The author looks at nine battles; three from antiquity, one from the middle-ages, two from the renaissance, one from the Victorian area, and two in the twentieth-century. The Western cultures VDH discusses are Hellenic (before and during the reign of Alexander the Great), Ancient Roman, Medieval Franks, Conquistador Spanish, Renaissance Southern Europe, Victorian British, and Twentieth-Century American. The non-Western cultures include Ancient Persia, Carthage, the Moors, the Ottomans, the Zulu, Japan, and North Vietnam. Carthage is a peculiar one that surprises most people. As a Greek colony it has Western foundation. But at the time of the Punic Wars (Cannae) were they Greek with North African influence or North African with Greek influence? I'll leave that for you to decide.
The premise of this book is that because of Western notions of liberty, politics, and philosophies (religious and secular), they have a marked advantage in warfare against cultures of vast disparaging notions to that of the West. He begins with Salami and the motivations the Greek city-states had in the desire to maintain their freedom, compared to the Persians whose military men were their by force to build a greater empire for Xeres.
In the battle of Gaugamela, VDH describes the instilled discipline of Greek hoplites that stand against the Persians so that the shock of the cavalry can be used for greatest affect. His also describes the use of a culture of liberty by a tyrant to achieve victory for the tyranny. As a matter of fact VDH compares Alexander to Hitler and how they took people of a great thought and culture and made them a killing machine unrivaled in their times.

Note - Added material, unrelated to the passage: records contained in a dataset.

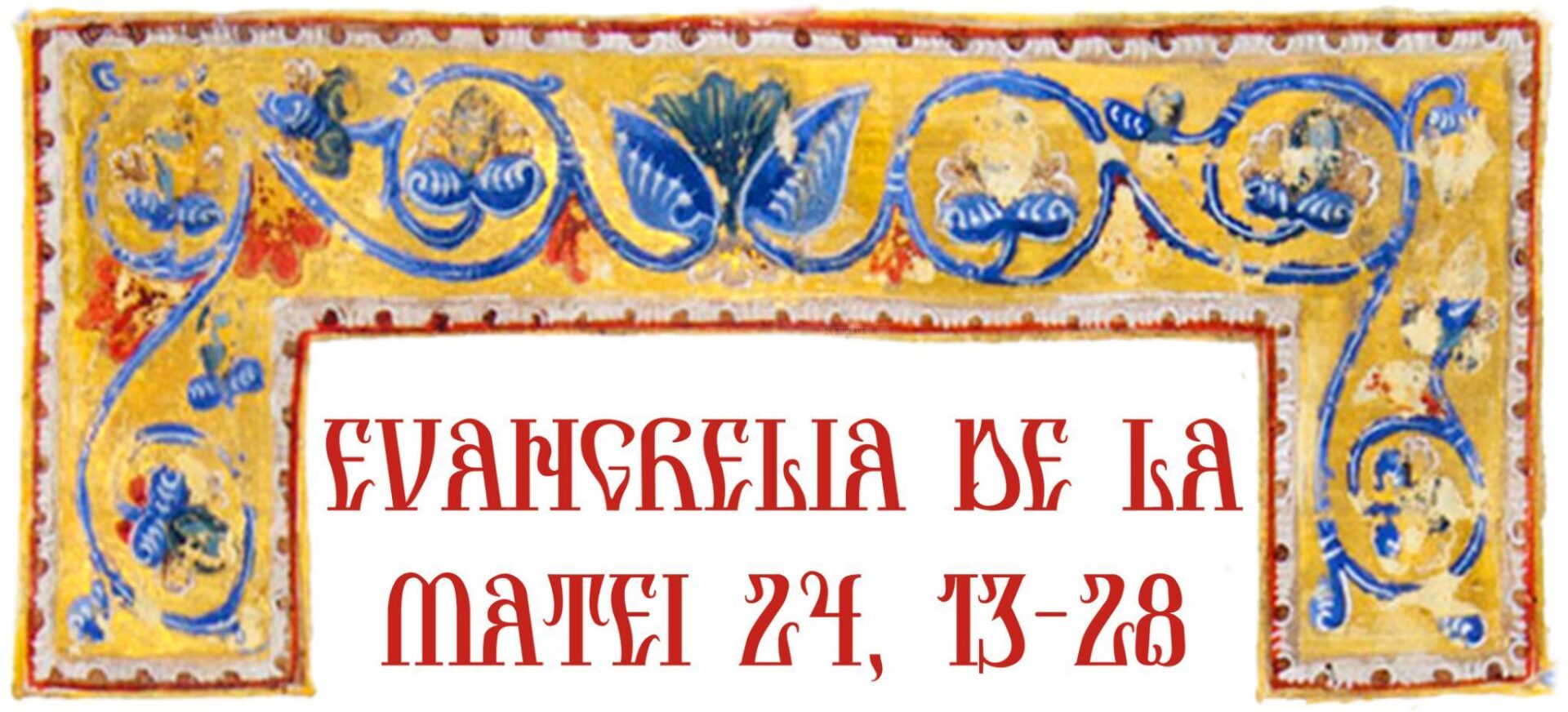 Iisus a spus: „Dar cel ce va răbda până la sfârșit, acela se va mântui. Și se va propovădui această Evanghelie a împărăției în toată lumea spre mărturie la toate neamurile; și atunci va veni sfârșitul. Deci, când veți vedea urâciunea pustiirii ce s-a zis prin Daniel proorocul, stând în locul cel sfânt – cine citește să înțeleagă – atunci cei din Iudeea să fugă în munți. Cel ce va fi pe casă să nu se coboare, ca să-și ia lucrurile din casă. Iar cel ce va fi în țarină să nu se întoarcă înapoi, ca să-și ia haina. Vai de cele însărcinate și de cele ce vor alăpta în zilele acelea! Rugați-vă ca să nu fie fuga voastră iarna, nici sâmbăta. Căci va fi atunci strâmtorare mare, cum n-a fost de la începutul lumii până acum și nici nu va mai fi. Și de nu s-ar fi scurtat acele zile, n-ar mai scăpa nici un trup, dar pentru cei aleși se vor scurta acele zile. Atunci, de vă va zice cineva: Iată, Mesia este aici sau dincolo, să nu-l credeți. Căci se vor ridica hristoși mincinoși și prooroci mincinoși și vor da semne mari și chiar minuni, ca să amăgească, de va fi cu putință, și pe cei aleși. Iată, v-am spus de mai înainte. Deci, de vă vor zice vouă: Iată este în pustie, să nu ieșiți; iată este în cămări, să nu credeți. Căci precum fulgerul iese de la Răsărit și se arată până la Apus, așa va fi și venirea Fiului Omului. Căci unde va fi stârvul, acolo se vor aduna vulturii.”
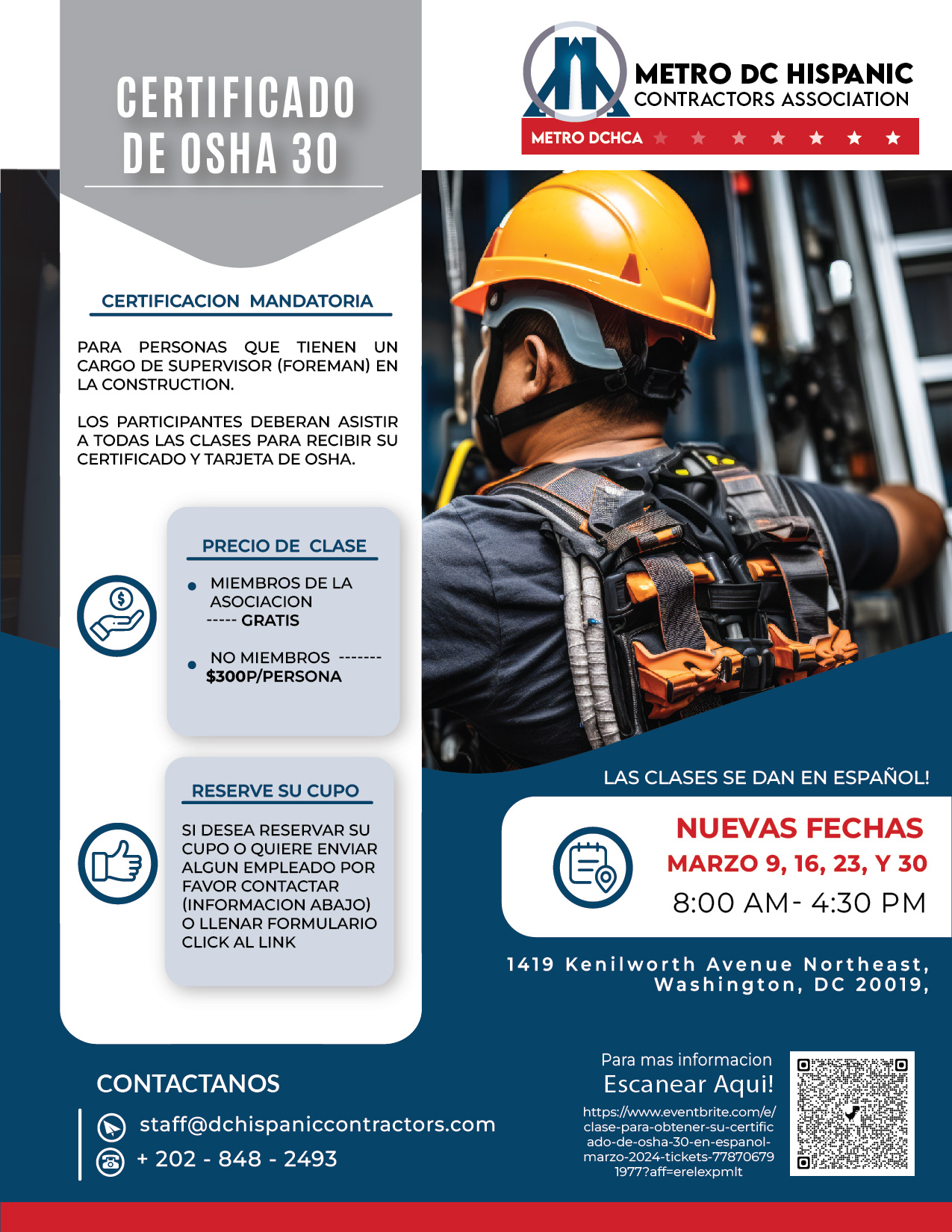 Las clases se dan en Espanol. Si desea reservar su cupo o quiere enviar algún empleado por favor llenar este formulario o llamar al 202-848-2493 o staff@dchispaniccontractors.com.
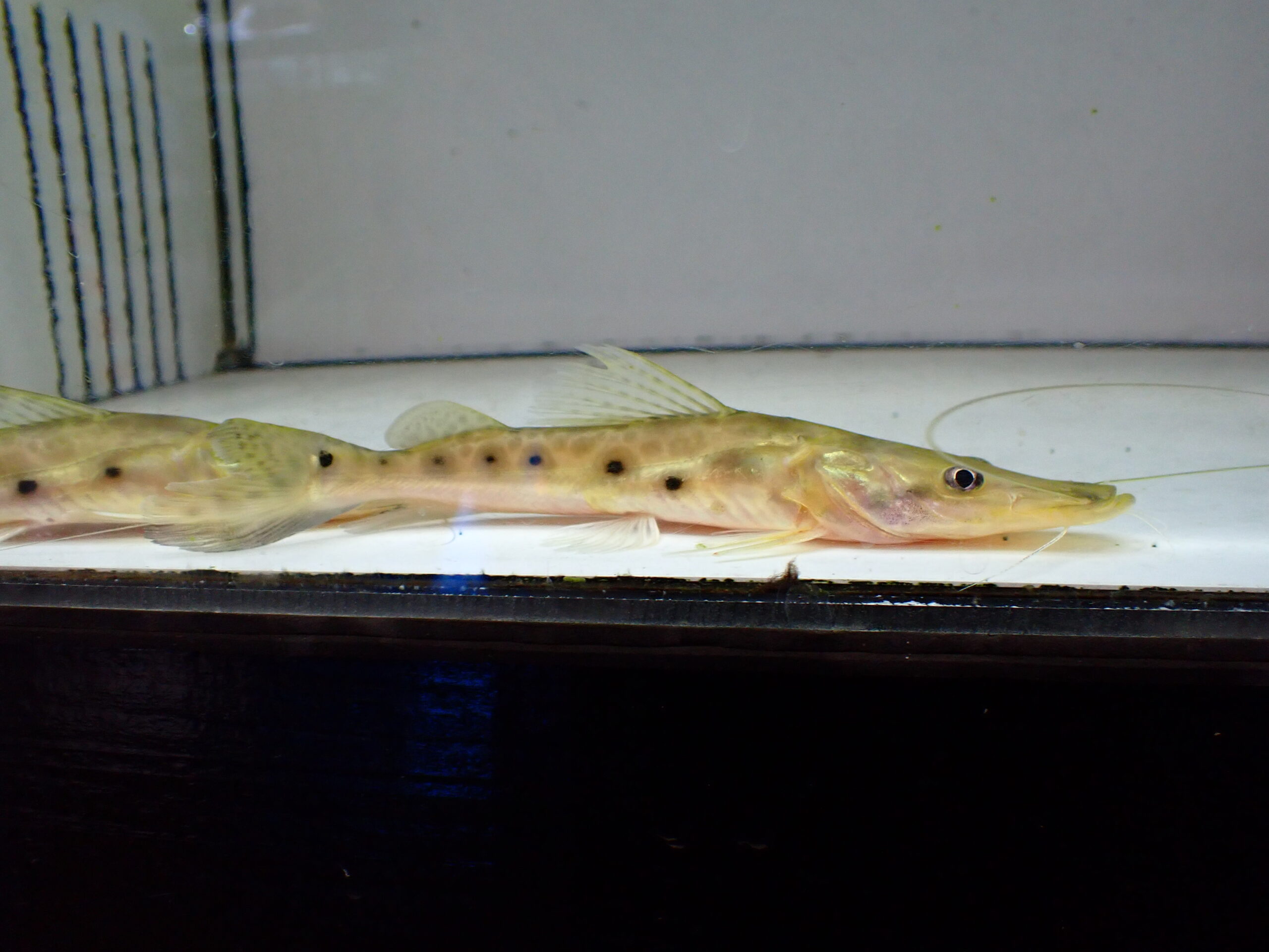 久し振りのエイティーンスポットです!今回はコロンビアのイニリダ川産の個体です。ペルー、コロンビア、ブラジルと広域に分布しているナマズなのに輸入されるのは稀で滅多に入荷しません。去年だったか一昨年だったかペルー産のベビーがまとまって輸入されたことがありましたが、その時の個体はなぜかみんな上アゴが出てたんですよね・・・。でも本来エイティーンスポットシャベルノーズは下アゴ出てるんです。で、今回のイニリダの個体たちですが、安心してください!ちゃんと下アゴ出てます!複数匹入荷していますが数は多くありません。問屋さんからは輸入されたのも僅かで10匹程だと聞いています。なので売り切れても再入荷の予定はありませんのでマニアの方はお早めに!
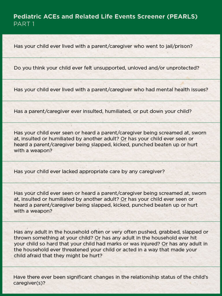 Has your child ever lived with a parent or caregiver who went to jail or prison? Has your child’s parent or caregiver ever had depression, schizophrenia, bipolar disorder or anxiety? Have caregivers struggled with too much alcohol, street drugs or prescription meds? Has any adult in the household ever hit your child so hard that it left marks? Has anyone had oral, anal or vaginal sex with your child?
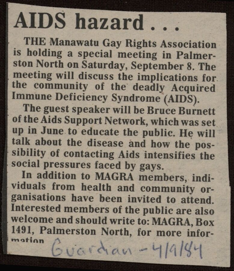 Consisting primarily of clippings from New Zealand newspapers, it covers the subjects of Homosexual Law Reform efforts, the Aids epidemic and New Zealand gay and lesbian rights movements.
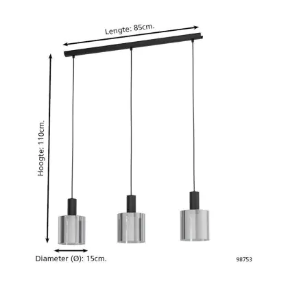 Eglo Luce Pendente Gorosiba Acciaio Nero | IP20 - Adatto per 3x E27
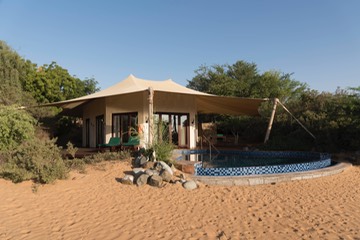 NGS have this trick that just when the going gets tough (about now), they take you to some fabulous resort for a couple of days of luxury. Well this was the day. We traveled on the bus for a couple of hours and arrived at the Al Maha Resort. Apart from being a luxury hotel, it is a nature reserve populated by Arabian Oryx, Gazelles and other interesting animals. It was clear as we drove through the sand dunes to get there that this would be a very special place. We were escorted to our rooms, individual bungalows with your own private pool. This was our room, overlooking a spectacular view of the sand dunes and desert.
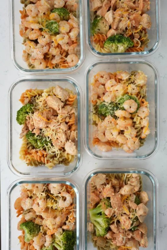 Comece por cozer a massa, com os brócolos e salteie o peito de frango, ou se preferir camarão, em azeite e alho. De seguida, coloque em caixas, e finalize com molho bechamel ou iogurte com duas colheres de polpa de tomate. Em cima coloque queijo ralado e leve à air fryer ou conserve no frigorifico ou congelador.
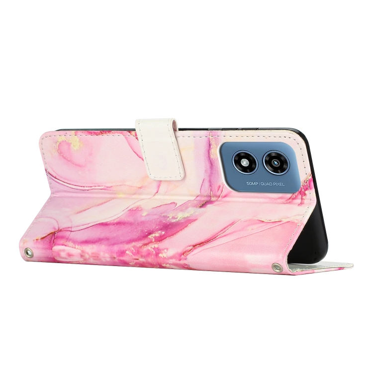 Funda de Cuero con Patrón Mármol para Motorola Moto G Play 4G (2024) (Oro Rosa)
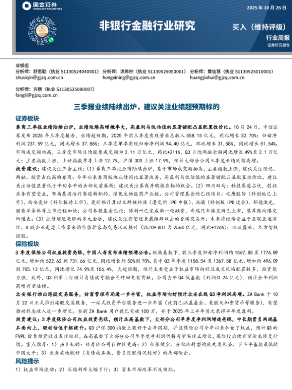【国金证券】【202510】非银行金融行业研究:三季报业绩陆续出炉,建议关注业绩超预期标的-10页
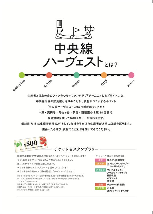 一般社団法人東の食の会(東京都品川区)が運営する、福島の食の生産者と消費者を繋ぐファンクラブ「チームふくしまプライド。」は、2024年7月6日(土)から7月15日(土)までの10日間、中野・高円寺・阿佐ヶ谷・荻窪・西荻窪の5駅周辺の67の飲食店が福島県産食材を使用したメニューを提供するイベント「中央線ハーヴェスト×チームふくしまプライド。2024」を開催します。7月15日(土)には生産者も来場し、各店舗で自身のプライドをもって育てた食材をPRします。同イベントの開催は今回で2回目となります。
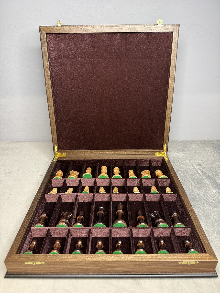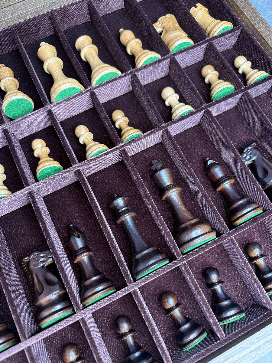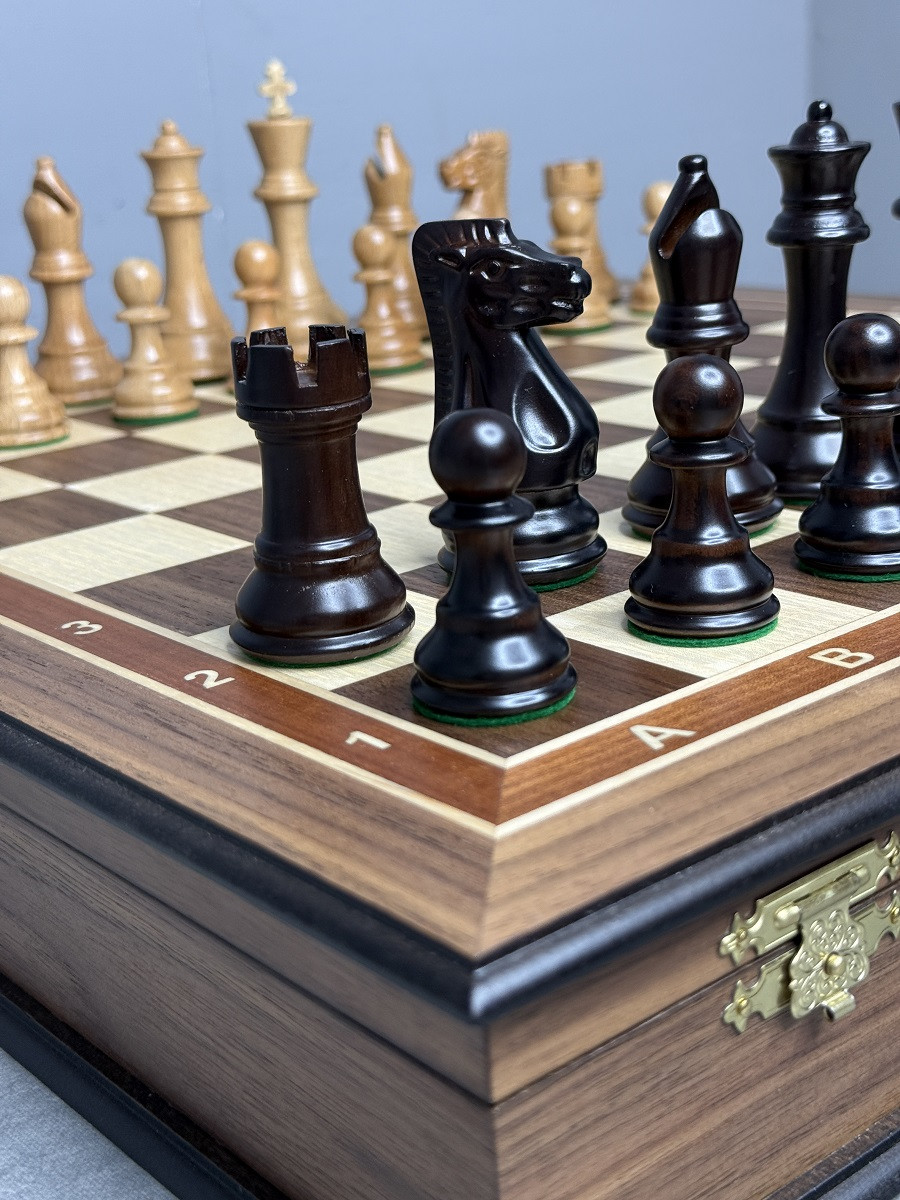 Это консервативный и сдержанный дизайн, где каждая деталь подчинена функциональности и эстетике. Такой ларец выбирают настоящие ценители шахмат, для которых важны глубина, смысл и классический стиль без декоративной перегрузки.
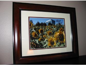 Photo of Ford WHQ with sunflowers in foreground, signed by Bill Ford. 8X10 photo, double matted and beautifully framed. Overall measurement 11"x14".
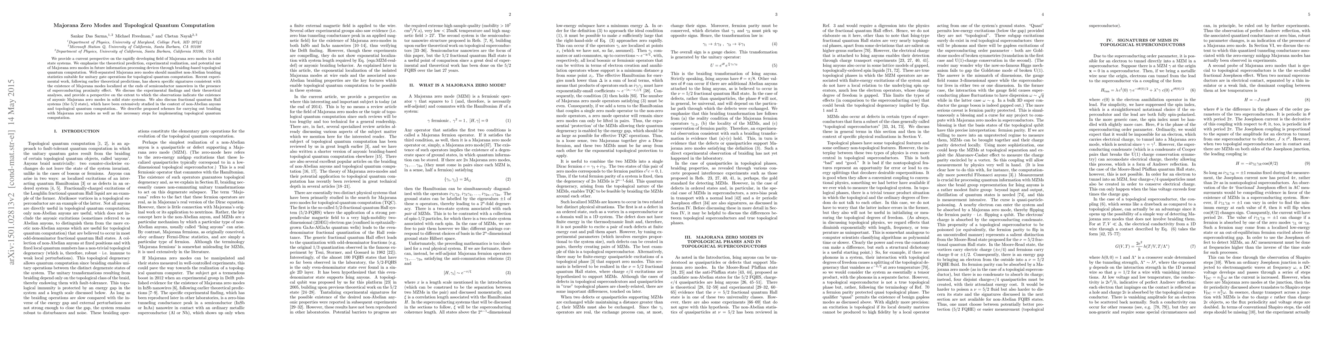 This paper reviews the emerging field of Majorana zero modes in solid-state systems, highlighting their theoretical prediction, experimental realization, and potential for topological quantum computation through braiding. Recent experiments have detected signatures of these modes in semiconductor nanowires under superconducting proximity effects, providing a foundation for future information processing devices.
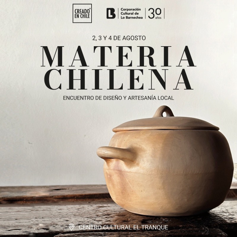 Con el propósito de promover el talento local y dar a conocer al público piezas de artesanía únicas, la Corporación Cultural de Lo Barnechea y Creado en Chile realizarán MATERIA CHILENA, el primer encuentro de artesanía local, un evento que reunirá a más de 30 creadores y emprendedores que desarrollan y/o comercializan sus creaciones en torno a la madera, piedra, fibra, cuero, metal, crin, lana, arcilla y más.
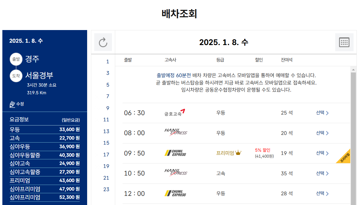 - 출발 직전 좌석 상황에 따라 유동적으로 예약
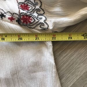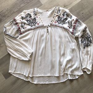 Free People Rock It Tonight Blouse Floral Embroidered Long Sleeve Small Hippie Peasant Prairie Lagenlook Summer Cottage Has a few small snags as shown in last photo.

The two chapters that had my interest were the battle of Tenochtitlan where the vastly outnumber Spanish defeated the Aztecs, and the battle of Midway where the inferior American forces won a decisive victory over the Japanese. It was interesting to see how the religion of the non-Western cultures dictated how they fought.
With the Aztecs, they did not want to annihilate the Spanish, but capture them to sacrifice to their gods. And their weapons were made as such to capture instead of kill. The Japanese and their reverence of the Emperor as a god brought a mentality to battle that gave them courage, but also clouded judgment. They sacrifice all for their Emperor, including their lives heedlessly, where as the Spanish and the Americans did not look to war as a religious endeavor, but as an amoral fight of political (and in the Spanish case physical) survival.
Whether you agree or disagree with him, this book is a good read. The battles are described with crisp clarity that puts you there. His conclusions are just a concise, but wants you to explore further into the questions that he asks (the specifics of the battles and the overall questions of the book). It is definitely a thinkers book.